LVBench: An Extreme Long Video Understanding Benchmark
https://lvbench.github.io
56 stars 1 forks source link

Evaluation details about Qwen2-VL-72B #7

Open lan-lw opened 1 week ago

lan-lw commented 1 week ago

Thank you for your interesting work!

For Qwen2-VL-72B model, are you using the whole video or just sample 48 frames per video? If you used the whole video, what's the fps?

huangshiyu13 commented 1 week ago

We use 48 frames for each video.

lan-lw commented 1 week ago

Thank you for your response.

Are you uniformly sampling 48 frames? I am wondering for tasks like temporal grounding, are 48 frames enough for precise localization.
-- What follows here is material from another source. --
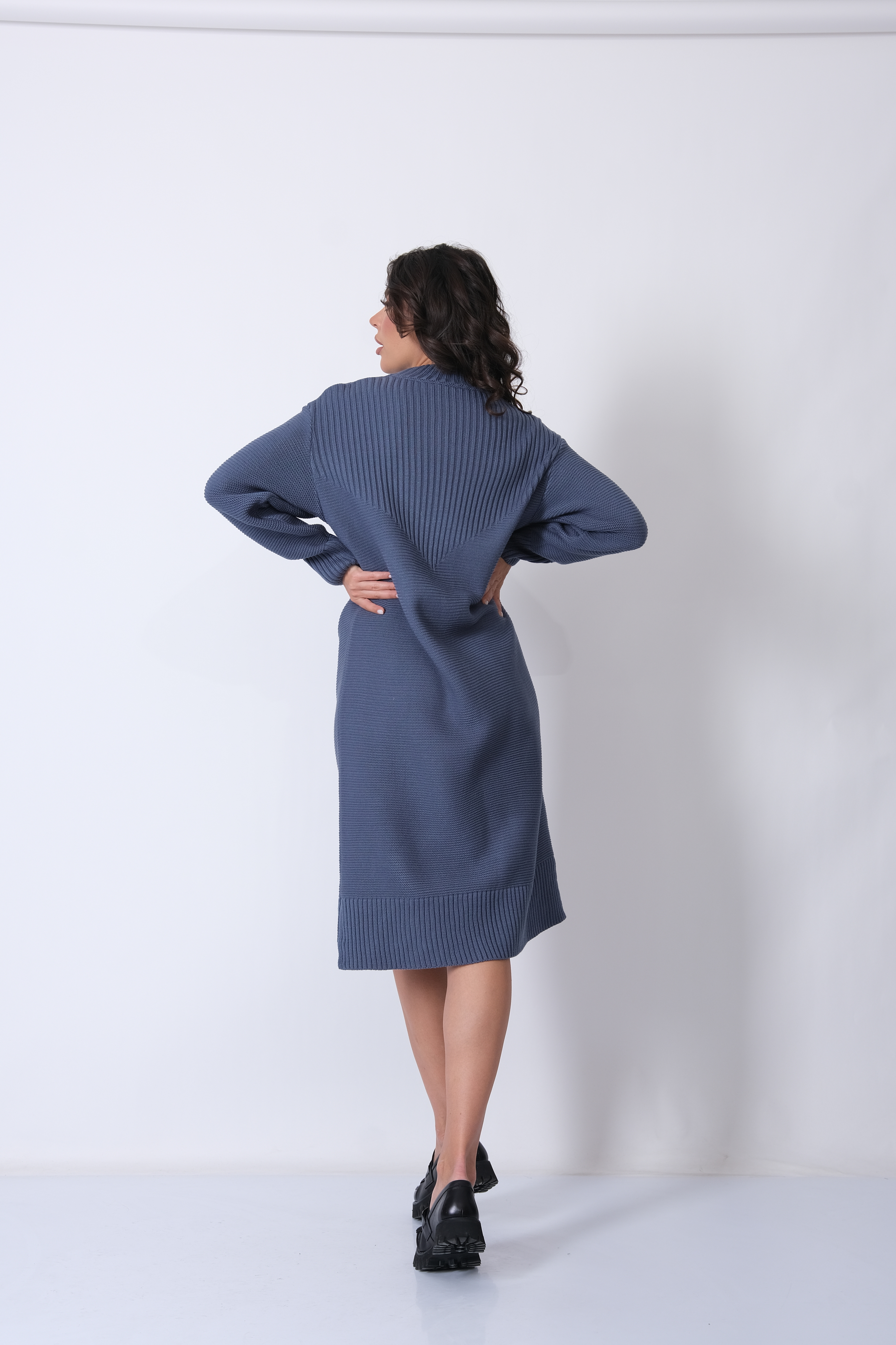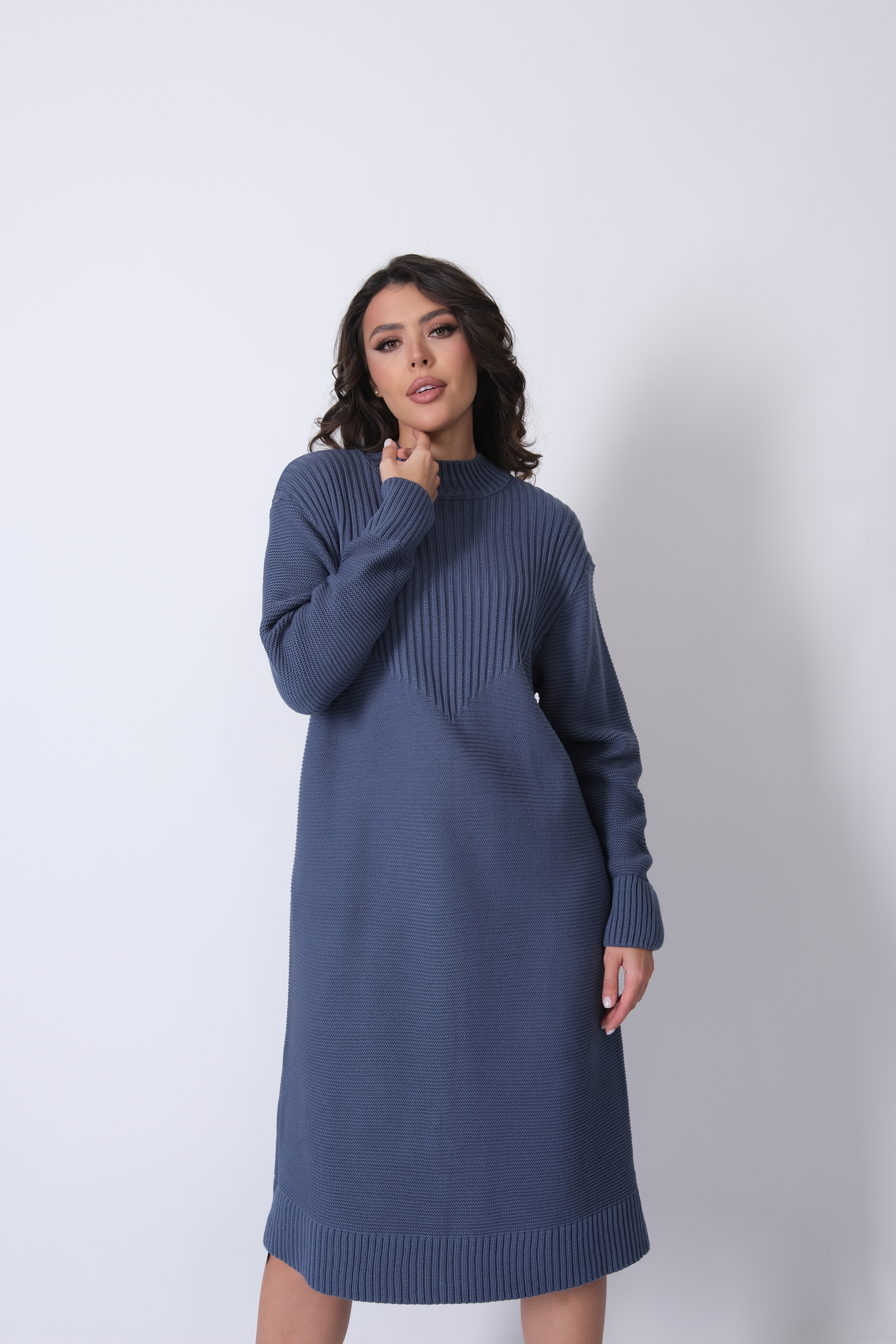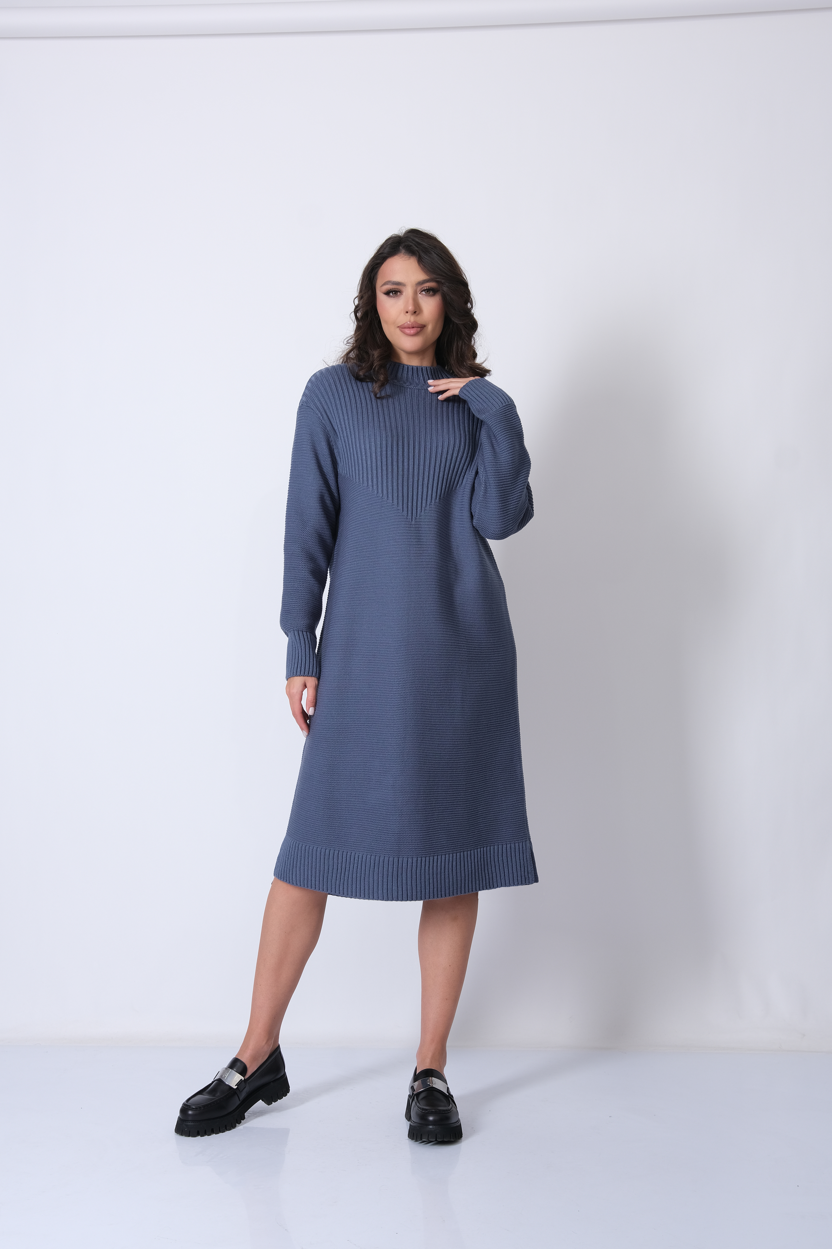 Платье прямого силуэта из трикотажного вязанного полотна с воротником-стойка, спущенным плечом и рукавом полной длины. Кокетка спинки и полочки выполнено переплетением образующим рельефный вертикальный рисунок.

huangshiyu13 commented 6 days ago

Thank you for your response.

Are you uniformly sampling 48 frames? I am wondering for tasks like temporal grounding, are 48 frames enough for precise localization.

Yes, we uniformly sample 48 frames. We used 48 frames because we found that the maximum number of frames we can input is only 48 frames, and exceeding 48 frames can easily cause memory explosion.
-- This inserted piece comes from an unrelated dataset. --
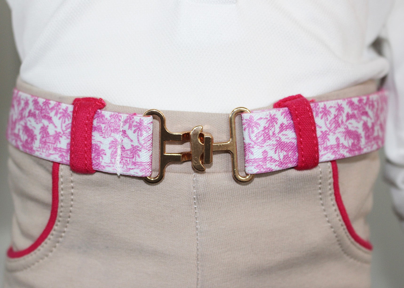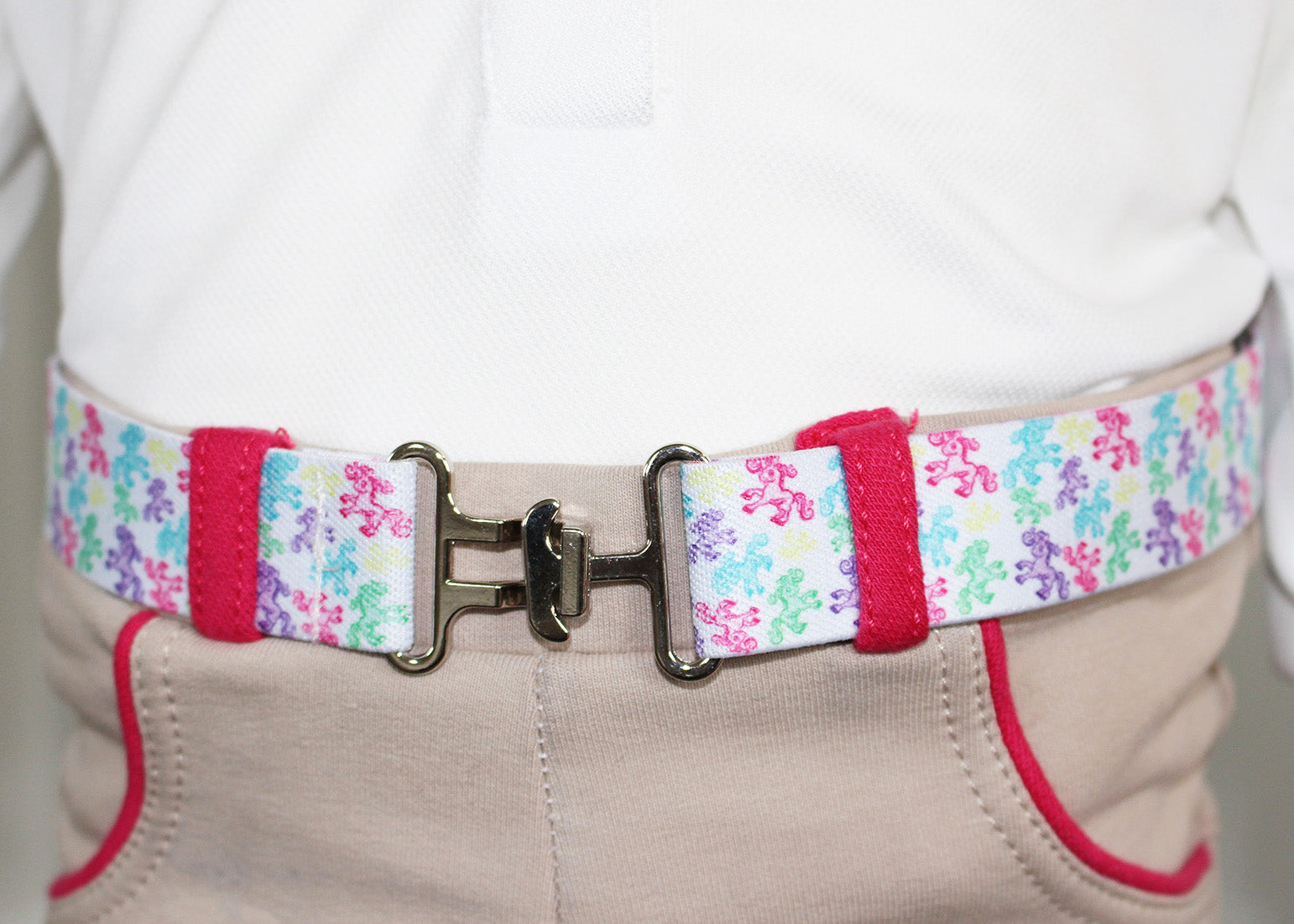 The Belle & Bow Equestrian Belt is a fantastic choice for the growing young rider. Made from wide, flat elastic to lie flat against the body, it adjusts from as small as 16" long up to 29" long. Each is just 1" wide to fit through the belt loops on children’s breeches, jods and jeans. The equestrian style belt buckle allows easy on/off. Available in coordinating colors to match Bow & Bell Equestrian outfits.

IssacCyj commented 6 days ago

Thank you for your response. Are you uniformly sampling 48 frames? I am wondering for tasks like temporal grounding, are 48 frames enough for precise localization.

Yes, we uniformly sample 48 frames. We used 48 frames because we found that the maximum number of frames we can input is only 48 frames, and exceeding 48 frames can easily cause memory explosion.

Just double check, are you sampling 48 frames from the hour-long video or I misunderstood the answer. This mean you only use 1 frame at every 1-2 minutes video clip which sounds confusing to me, given that the temporal grounding task has second-level annotations.

huangshiyu13 commented 6 days ago

Thank you for your response. Are you uniformly sampling 48 frames? I am wondering for tasks like temporal grounding, are 48 frames enough for precise localization.

Yes, we uniformly sample 48 frames. We used 48 frames because we found that the maximum number of frames we can input is only 48 frames, and exceeding 48 frames can easily cause memory explosion.

Just double check, are you sampling 48 frames from the hour-long video or I misunderstood the answer. This mean you only use 1 frame at every 1-2 minutes video clip which sounds confusing to me, given that the temporal grounding task has second-level annotations.

Yes, the Qwen2-VL-72B model samples an average of 48 frames per video. The main reason for this is that we cannot feed more frames into the deployed model. You can submit the evaluation results to us if you can evaluate Qwen2-VL-72B using more frames. After reviewing, we can update the leaderboard with the new results.

IssacCyj commented 6 days ago

thanks for the quick response!